Claimant denominated the response filed to the instant motion as a "motion to amend" and the document was filed as a motion (M-95400). However, the document asserts responses to defendant's arguments in its dismissal motion and the document is more properly characterized as an affirmation in response. In any case, claimant's request to amend the claim is denied as claimant failed to attach a proposed amended claim (Harris v State of New York, UID No. 2013-032-039 [Ct Cl, Hard, J., Sept. 3, 2013]).

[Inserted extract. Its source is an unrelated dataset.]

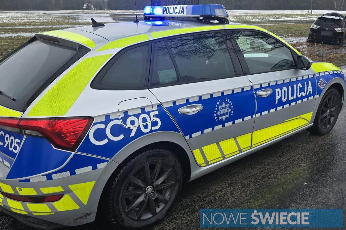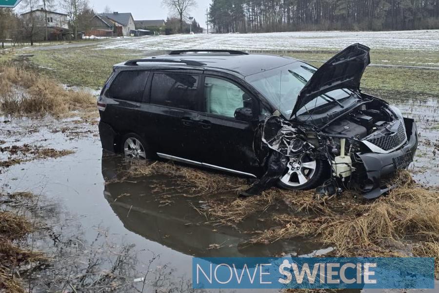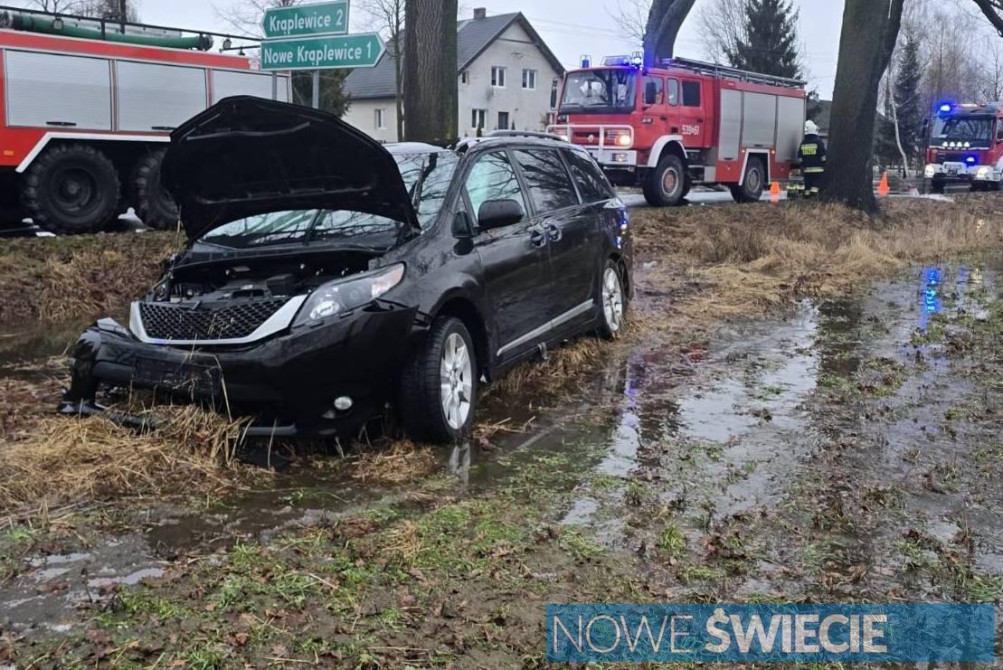 Wypadek w powiecie świeckim. Droga zalana, samochód uderzył w drzewo

Accordingly, the Court denies defendant's motion to dismiss the claim (M-95324) in its entirety. Claimant's motion to amend the claim (M-95400) is also denied.
August 10, 2020
Albany, New York
JUDITH A. HARD
Judge of the Court of Claims
1. Verified Claim, filed on January 6, 2020.
2. Notice of Motion to Dismiss Claim, dated February 11, 2020; and Affirmation in Support Motion to Dismiss, affirmed by Ray A. Kyles, AAG on February 11, 2020, with Exhibits A through B annexed thereto.
3. Motion to Amend Complaint in Opposition of Attorney Generals Motion to Dismiss, sworn to by claimant on March 4, 2020.
4. Affirmation in Opposition to Motion to Amend Claim, affirmed by Ray A. Kyles, AAG on July 16, 2020.